June 17, 2015 / 6:53 PM / in 2 years

Merkel's office suggests special investigator see U.S. spy list

German Chancellor Angela Merkel arrives to attend an EU-CELAC Latin America summit in Brussels, Belgium June 10, 2015. REUTERS/Francois Lenoir

BERLIN (Reuters) - Chancellor Angela Merkel’s office has proposed that a special investigator be appointed to inspect a list of targets that German intelligence tracked on behalf of the U.S. National Security Agency (NSA).

Critics have accused Merkel’s staff of giving the German BND foreign intelligence agency the green light to help the NSA spy on European firms and officials, triggering a scandal that has dented the chancellor’s popularity.

In a letter to the parliamentary committee investigating the affair, parts of which were seen by Reuters, the chancellery said the investigator’s mandate would be such that “an answer can follow, without disclosing concrete content from the list”.

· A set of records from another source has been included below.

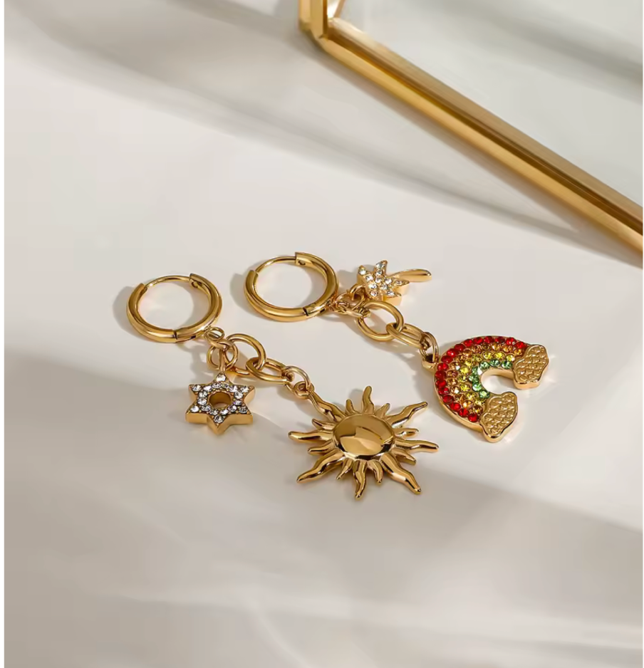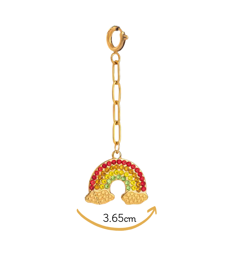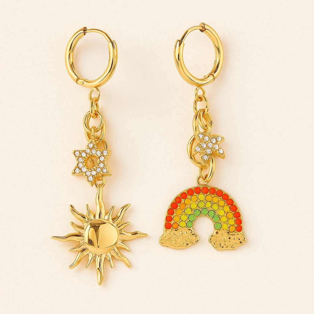 Due ciondoli eleganti che uniscono l’energia radiosa del sole alla magia colorata dell’arcobaleno. Questo raffinato ciondolo in colore oro unisce il calore radioso del sole e la magia colorata dell’arcobaleno, entrambi impreziositi da piccole pietre lucenti che ne esaltano la brillantezza. A completare il design, due piccoli ciondoli aggiuntivi, delicati e armoniosi, arricchiscono l’insieme con un tocco di eleganza e personalità.
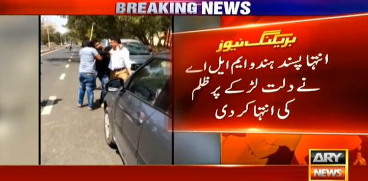 In a video, which is available with the ARY News, Upadhyay and his supports were brutally torturing the low-caste man with iron roads, batons and kicks. They also smashed his car. The video went viral as soon as it was uploaded on the social media.
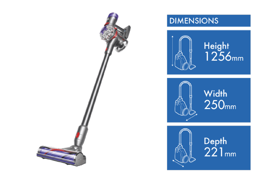 Dyson V8 Cordless Vacuum (394437-01) is powered by the Dyson digital motor V8, spins up to 107,000rpm to create powerful suction for versatile cleaning. Up to 40 minutes of fade free power(1). Whole machine filtration, captures 99.97% of particles down to 0.3 microns(2). Motorbar(TM) cleaner head has de-tangling vanes that automatically clear wrapped hair from the brush bar as you clean. Hair screw tool – Picks up hair. Fast. With Dyson anti-tangle technology. Hygienic bin emptying, no need to touch the dirt, just pull the lever to release it into your bin. Quickly transforms to a handheld vacuum cleaner, and back again, in just one click. Two power modes, switch between Max mode for up to 5 minutes of high power, and Powerful mode for longer, day-to-day cleaning. Lightweight and ergonomic, it easily reaches up high with one smooth motion. Disclaimers: (1) In powerful mode with non-motorised tools. (2) Filtration tested against ASTM F3150, tested in boost mode by independent third party, SGS-IBR Laboratories US in 2020
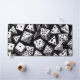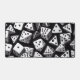 This dynamic digital artwork features an array of tumbling dice against a stark black background. The dice vary in shape and size, including traditional six-sided cubes and triangular four-sided forms. Each die is meticulously detailed, with sharp contrasts between the white surfaces and black pips, creating a striking visual effect. The chaotic yet harmonious arrangement of the dice evokes a sense of motion and randomness, making the piece both intriguing and playful.
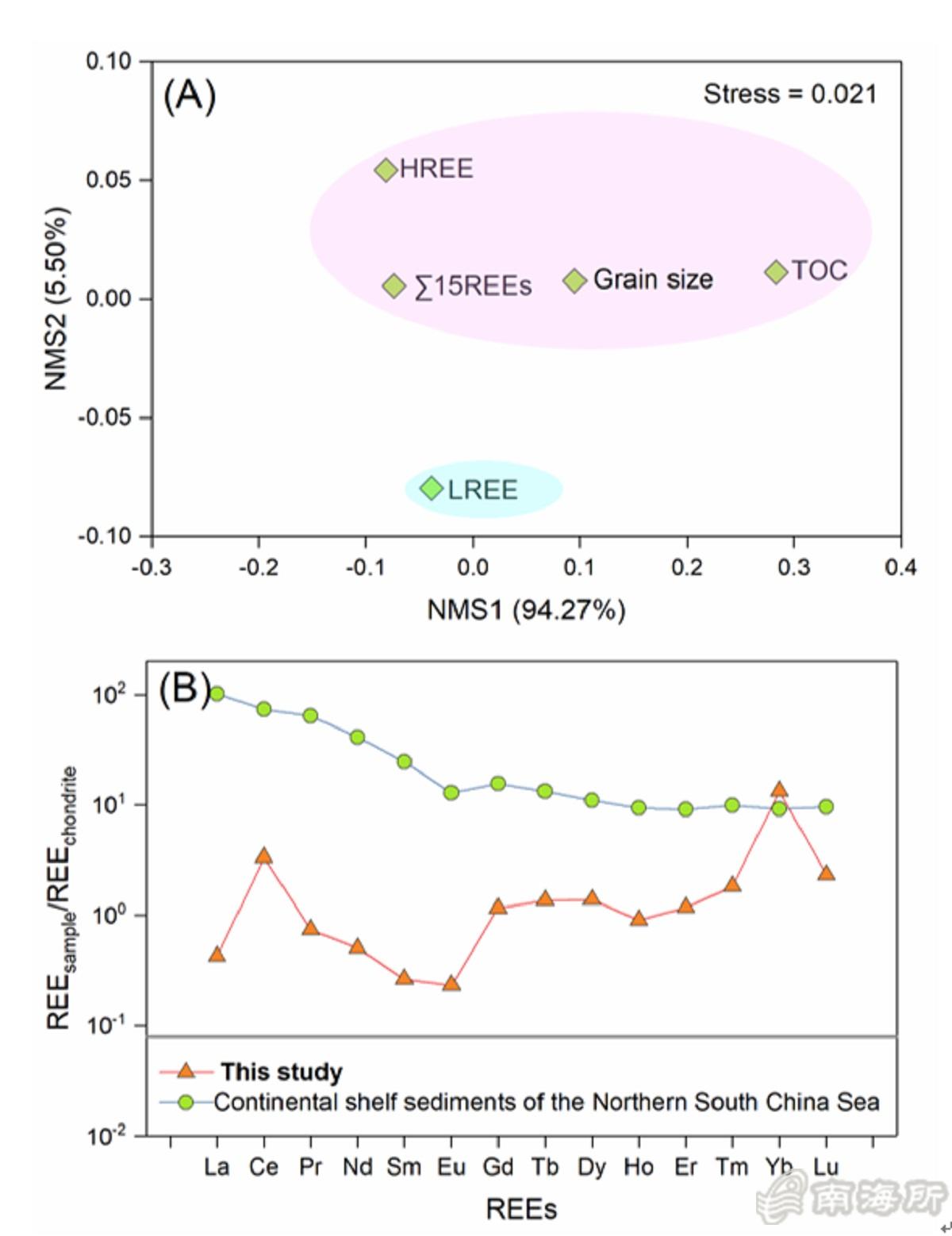 ? 大亚湾稀土元素非度量多维尺度分析(NMS)特征(A)与球粒陨石标准化分布特征(B?/p>
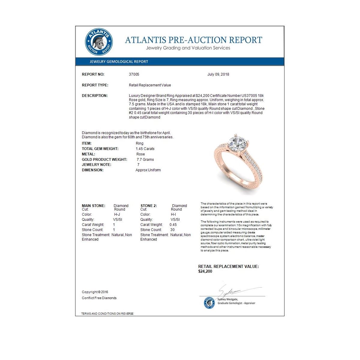 REF-400M2H -37005 ---- 1.45 CTW VS/SI Diamond Solitaire Art Deco Ring 18K Rose Gold ---- Luxury Designer Brand Ring Appraised at $24,200 Certificate Number US37005 18k Rose gold, Ring Size is 7, Ring measuring approx. Uniform, weighing in total approx. 7.5 grams. Made in the USA and is stamped 18k, Main stone 1 carat total weight containing 1 pieces of H-J color with VS/SI quality Round shape cut Diamond , Stone #2 0.45 carat total weight containing 30 pieces of H-I color with VS/SI quality Round shape cut Diamond
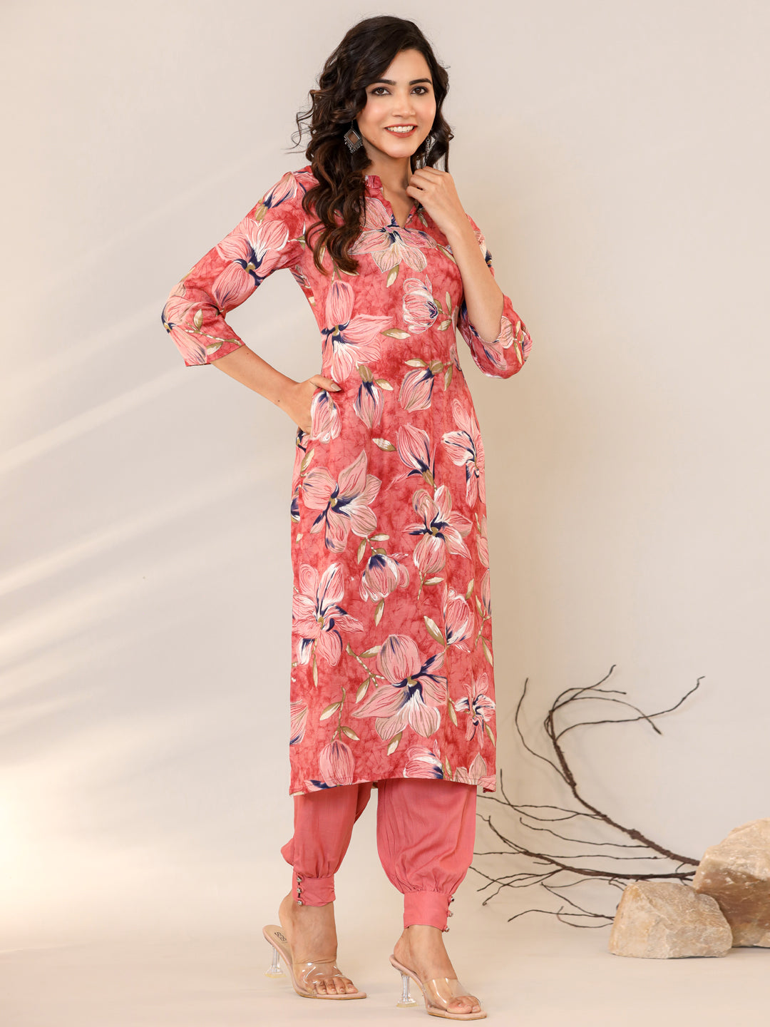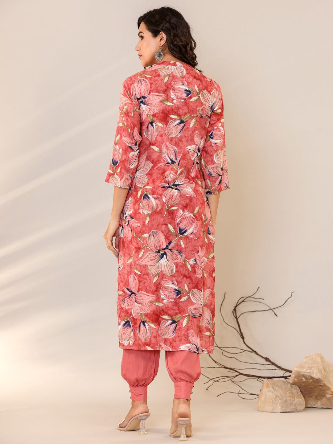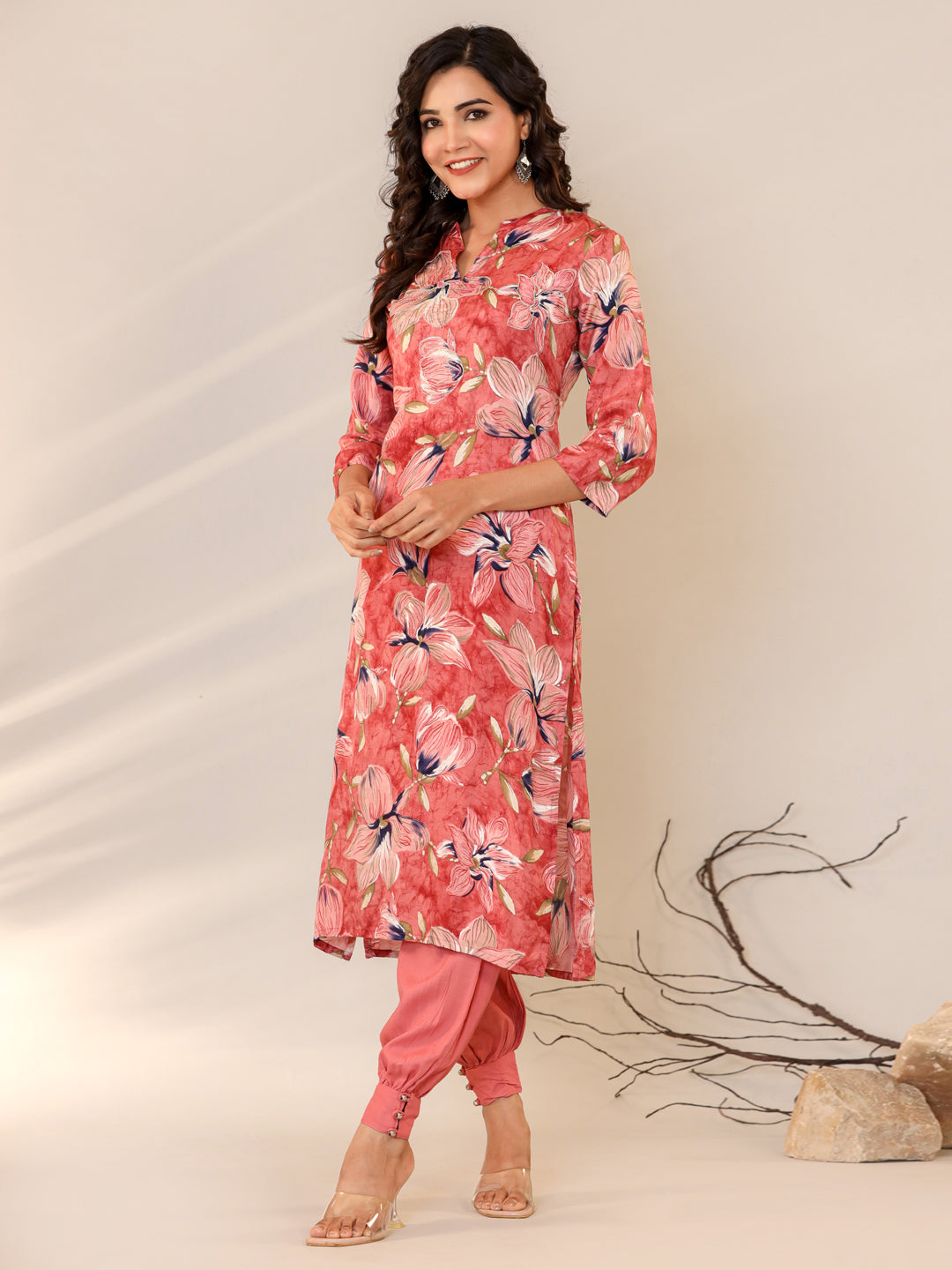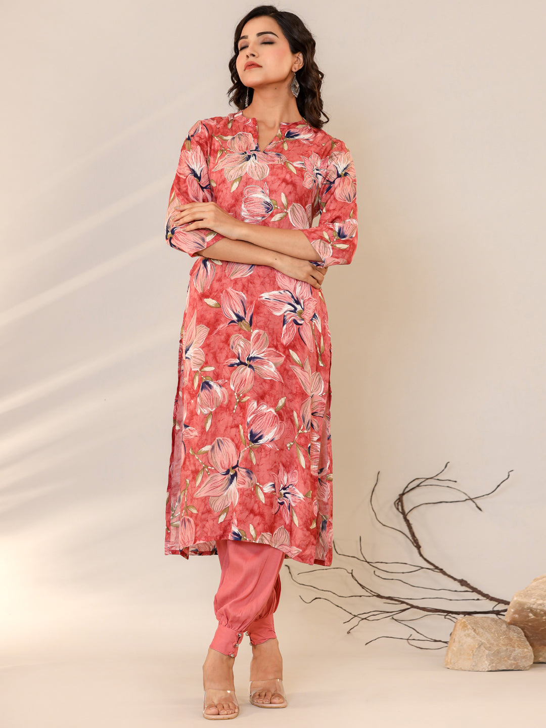 Straight Style Silk Fabric Mauve Color Floral Printed Kurti And Bottom With Beads Work
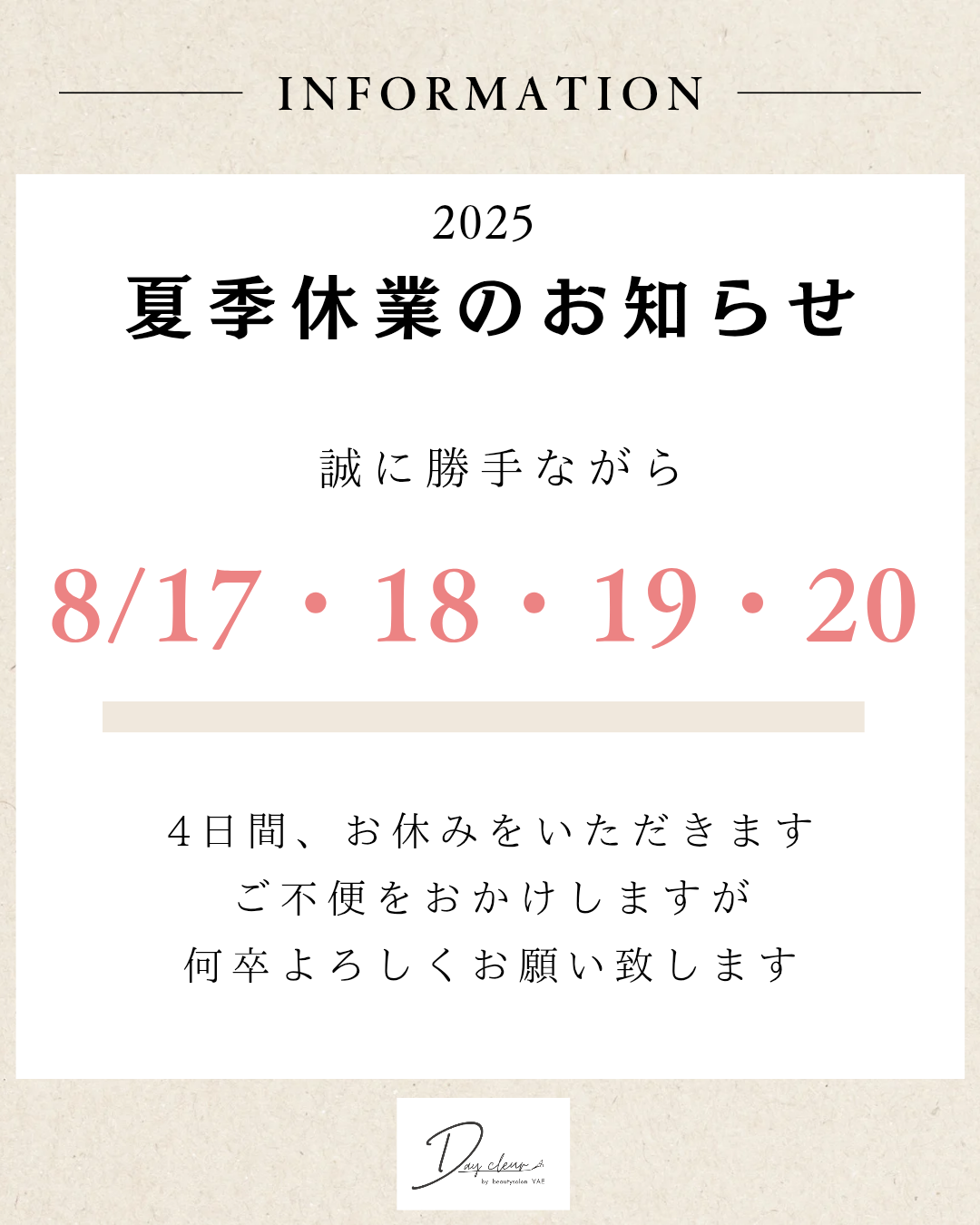 夏季休業のお知らせ
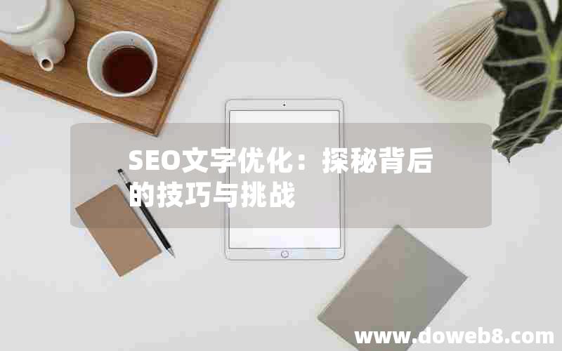 SEO文字优化是现代网络营销中的关键一环,它既是一门技巧,也是一项挑战。在这个信息爆炸的时代,如何让...

Merkel has come under increasing pressure to divulge the list of targets, including the IP addresses of individual computers, in an affair that has strained relations between her conservatives and their Social Democrat coalition partners.

The chancellery proposed that the government-appointed investigator be allowed to inspect the list of targets and report back to the committee. The results would also be shared with a parliamentary body responsible for supervising the BND.

The contents of the list are considered crucial to establishing whether the BND was at fault in helping the NSA.

In its letter, the chancellery said it did not expect the U.S. government to formally agree in the immediate future to the circulation of the list. It therefore suggested appointing the “trusted individual” who alone would see its contents.

Spying is a sensitive issue in Germany because of the abuses of the Nazi and Communist eras. Revelations by former NSA contractor Edward Snowden about wide-ranging U.S. espionage in Germany caused outrage here when they surfaced, and this has now been compounded by the allegation that the BND was complicit.